Question

A stone falls from rest from the top of a cliff,a second stone is thrown do wnward from the same height 2sec later with an initial speed of 30m/s.If both stones hit the ground below simultaneously,how high is the cliff?

Answer 1

Answer:

The cliff is 12.632 meter high.

Explanation:

Each stone experiments a free fall motion, that is, an uniformly accelerated motion due to gravity. We construct the respective equations of motion for each stone:

First stone

$y_{1} = y_{o,1} +v_{o,1}\cdot t +\frac{1}{2}\cdot g\cdot t^{2}$ (1)

Second stone

$y_{2} = y_{o,2} +v_{o,2}\cdot (t-2) +\frac{1}{2}\cdot g\cdot (t-2)^{2}$ (2)

Where:

$y_{1}$, $y_{2}$ - Final height of the first and second stone, in meters.

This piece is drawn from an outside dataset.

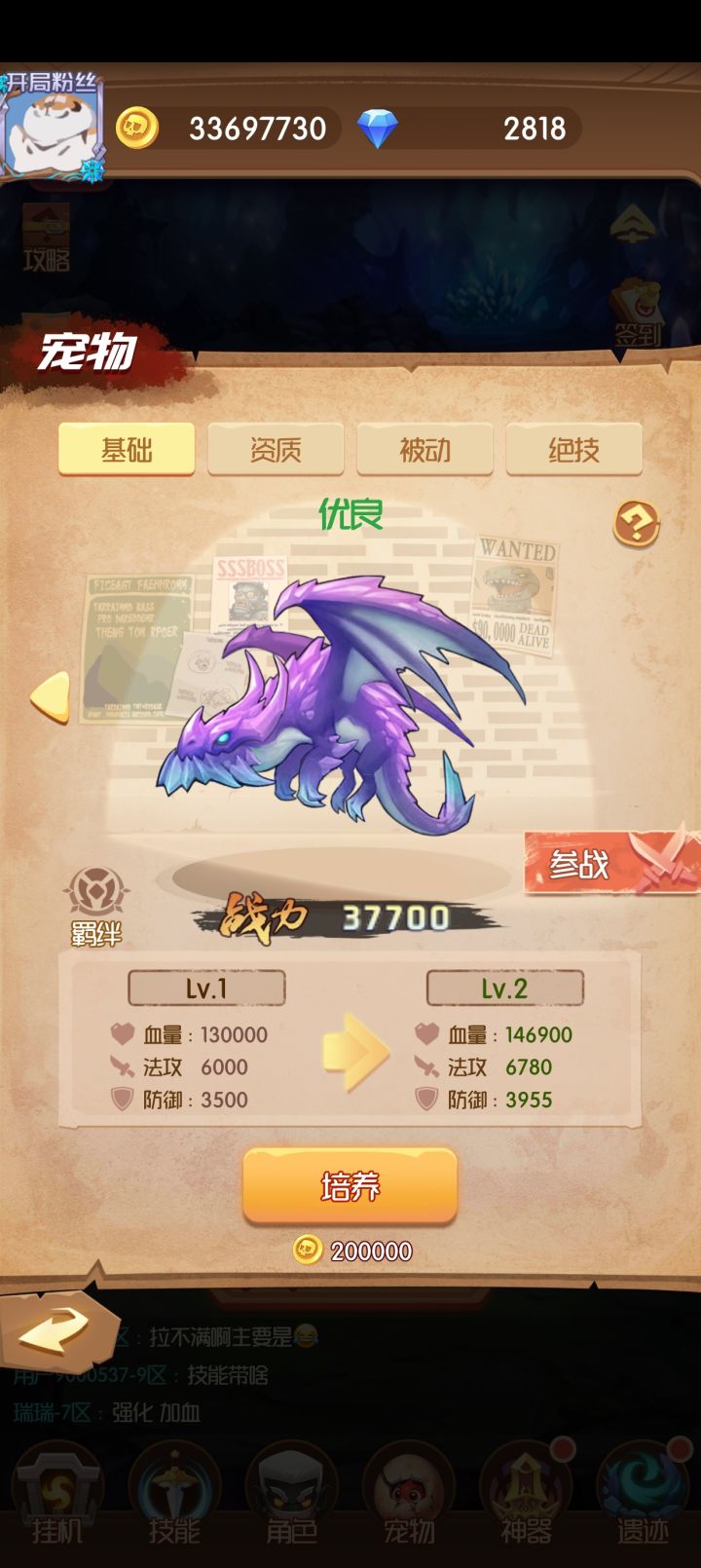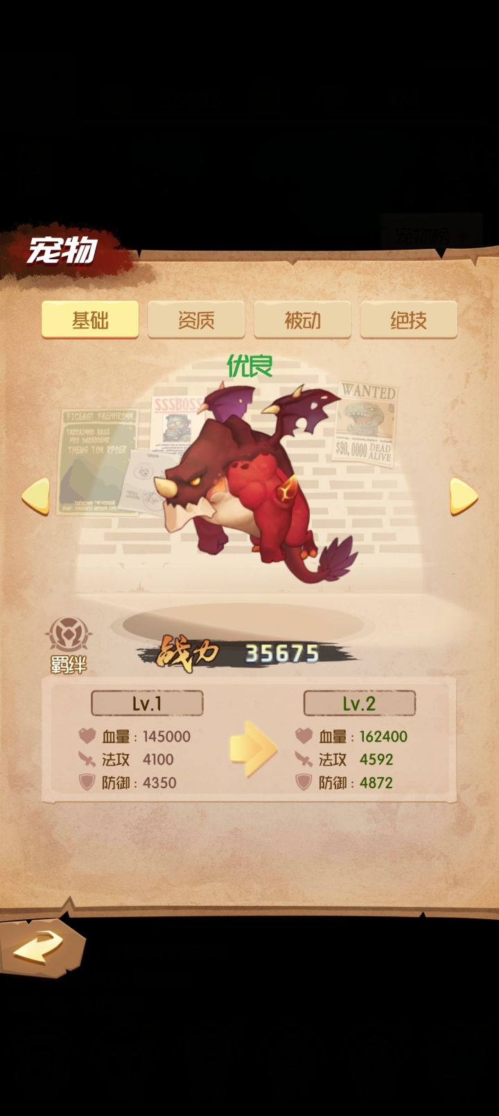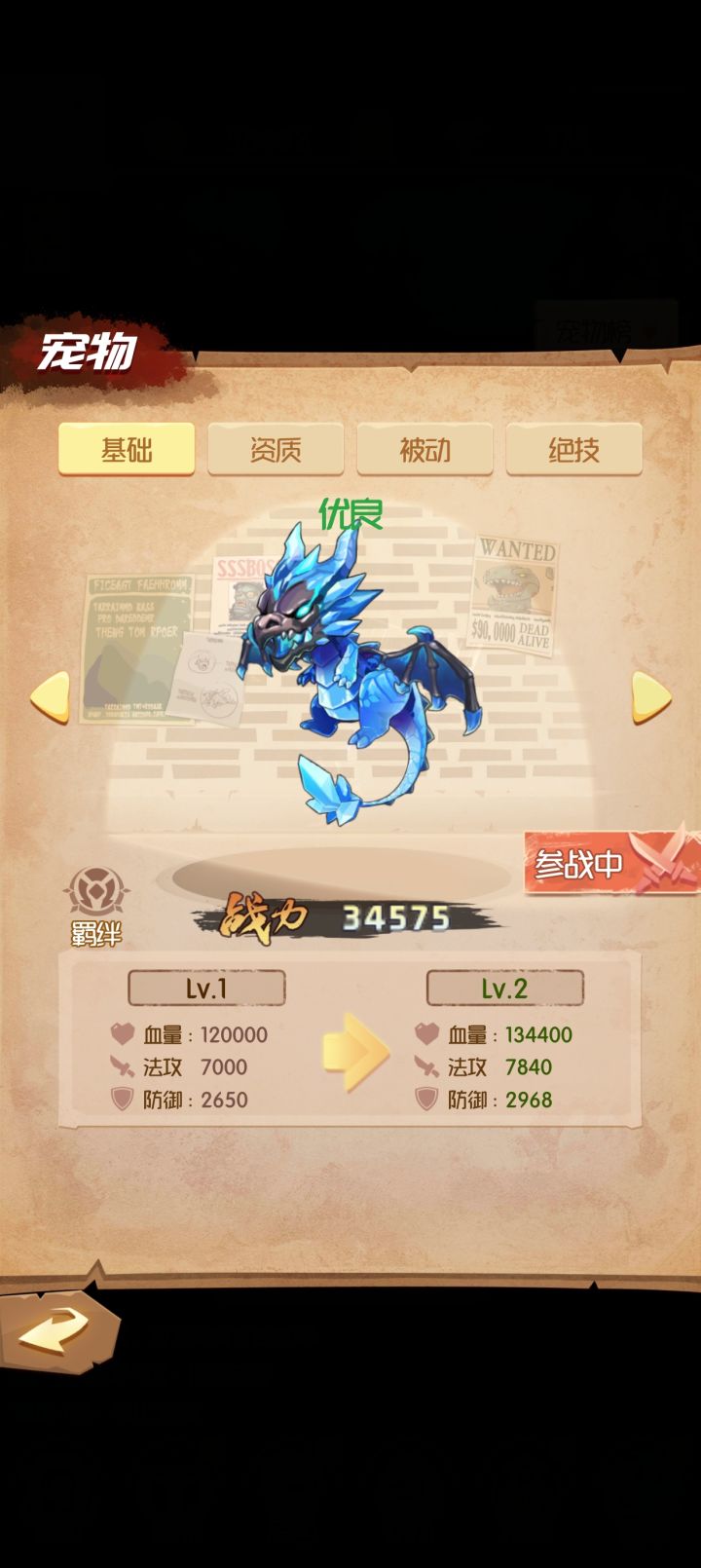 宠物有4种选择,第一个5千关解锁黑龙,攻击低,血量低。第二个8千关解锁红龙,攻击低,血量高。第三个800资质丹解锁蓝龙,攻击高,血量低,第四个1200资质丹解锁紫龙,攻击高,血量高,(个人推荐上阵第3个,如果不着急就选第4个)宠物羁绊1,2,是增加分身上限的。羁绊1,3是提升造兵速度的。羁绊2,3是提升英雄血量加成和攻击加成的。羁绊3,4是提升英雄攻速,破甲的。羁绊提升需要2个宠物

$y_{o,1}$, $y_{o,2}$ - Initial height of the first and second stone, in meters.

$v_{o,1}$, $v_{o,2}$ - Initial speed of the first and second stone, in meters per second.

$t$ - Time, in seconds.

$g$ - Gravitational acceleration, in meters per square second.

If we know that $y_{o,1} = y_{o,2}$, $y_{1} = y_{2} = 0\,m$, $v_{o,1} = 0\,\frac{m}{s}$, $v_{o,2} = -30\,\frac{m}{s}$ and $g = -9.807\,\frac{m}{s^{2}}$, then we find that time when both stones hit the ground simultaneously is:

$4.904\cdot t^{2} = -30\cdot (t-2)+4.904\cdot (t-2)^{2}$

$4.904\cdot t^{2} = -30\cdot t + 60 +4.904\cdot (t^{2}-4\cdot t +4)$

$-30\cdot t +60 -19.616\cdot t +19.616 = 0$

$49.616\cdot t = 79.616$

$t = 1.605\,s$

The height of the cliff is:

$y_{1} = y_{o,1} +v_{o,1}\cdot t +\frac{1}{2}\cdot g\cdot t^{2}$

$y_{o,1} = 12.632\,m$

The cliff is 12.632 meter high.